Required action:
Below are entries. Copy exactly the lines running from the line that holds "地图, 座标, 地址与行进速度" to the line that holds "SchoolMouv est une", with both ends included.

Supplied information:
▬▬▬
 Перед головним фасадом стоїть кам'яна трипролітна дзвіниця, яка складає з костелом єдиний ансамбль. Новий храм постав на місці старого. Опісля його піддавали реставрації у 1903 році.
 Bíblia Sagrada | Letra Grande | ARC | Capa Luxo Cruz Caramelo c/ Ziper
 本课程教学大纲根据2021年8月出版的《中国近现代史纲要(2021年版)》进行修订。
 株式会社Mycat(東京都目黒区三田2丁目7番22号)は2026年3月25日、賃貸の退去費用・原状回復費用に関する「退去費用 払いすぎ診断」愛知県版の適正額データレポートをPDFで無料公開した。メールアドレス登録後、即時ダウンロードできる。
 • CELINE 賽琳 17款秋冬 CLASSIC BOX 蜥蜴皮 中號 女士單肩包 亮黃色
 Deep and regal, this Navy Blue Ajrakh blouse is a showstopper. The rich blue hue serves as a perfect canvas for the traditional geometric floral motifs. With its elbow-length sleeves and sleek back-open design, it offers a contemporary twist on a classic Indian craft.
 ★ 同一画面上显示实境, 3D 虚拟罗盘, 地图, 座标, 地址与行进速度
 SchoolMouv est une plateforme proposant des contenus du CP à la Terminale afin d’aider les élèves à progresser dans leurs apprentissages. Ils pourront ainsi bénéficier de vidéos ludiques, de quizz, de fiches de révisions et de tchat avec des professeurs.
▬▬▬
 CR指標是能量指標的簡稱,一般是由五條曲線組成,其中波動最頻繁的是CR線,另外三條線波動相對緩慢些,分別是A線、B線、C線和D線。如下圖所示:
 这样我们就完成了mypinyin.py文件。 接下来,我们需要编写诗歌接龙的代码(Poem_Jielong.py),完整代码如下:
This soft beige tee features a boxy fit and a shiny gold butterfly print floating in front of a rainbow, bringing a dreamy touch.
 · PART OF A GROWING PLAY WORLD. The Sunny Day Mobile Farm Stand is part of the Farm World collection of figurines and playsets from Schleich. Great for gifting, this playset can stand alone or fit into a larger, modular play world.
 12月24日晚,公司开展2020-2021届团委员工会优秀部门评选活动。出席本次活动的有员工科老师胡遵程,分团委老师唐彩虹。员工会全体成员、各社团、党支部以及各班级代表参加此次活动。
▬▬▬
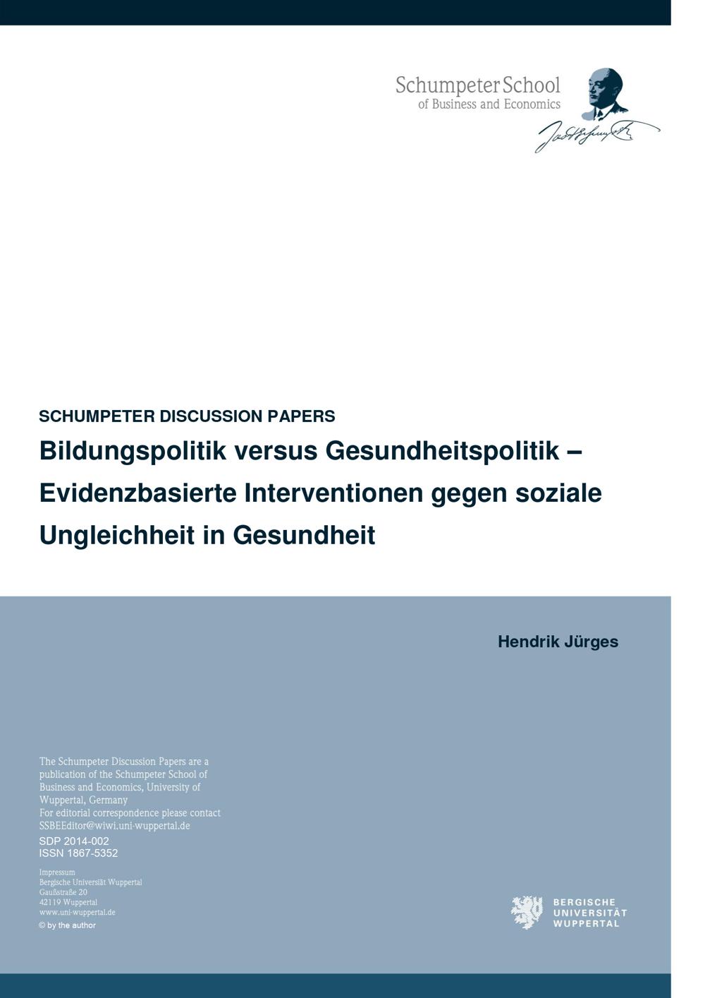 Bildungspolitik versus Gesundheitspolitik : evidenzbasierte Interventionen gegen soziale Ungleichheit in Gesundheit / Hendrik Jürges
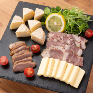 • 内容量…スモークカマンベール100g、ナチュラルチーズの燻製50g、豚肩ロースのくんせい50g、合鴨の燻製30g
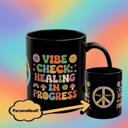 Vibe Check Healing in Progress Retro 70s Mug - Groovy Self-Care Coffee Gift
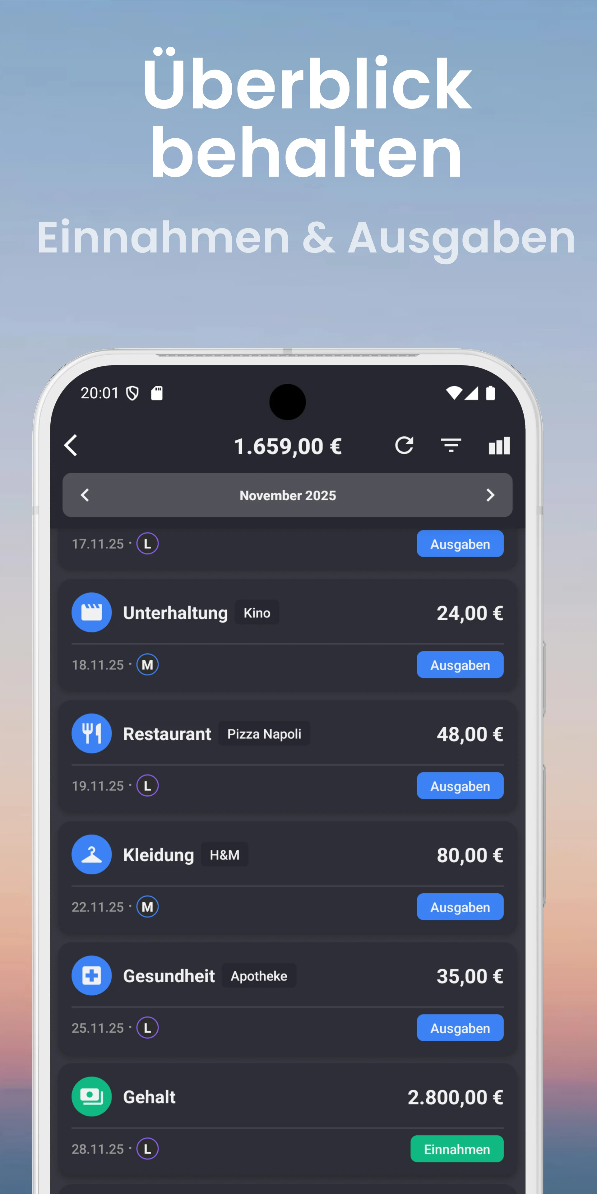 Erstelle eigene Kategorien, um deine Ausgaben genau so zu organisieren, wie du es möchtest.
▬▬▬
Reply:
 ★ 同一画面上显示实境, 3D 虚拟罗盘, 地图, 座标, 地址与行进速度
 SchoolMouv est une plateforme proposant des contenus du CP à la Terminale afin d’aider les élèves à progresser dans leurs apprentissages. Ils pourront ainsi bénéficier de vidéos ludiques, de quizz, de fiches de révisions et de tchat avec des professeurs.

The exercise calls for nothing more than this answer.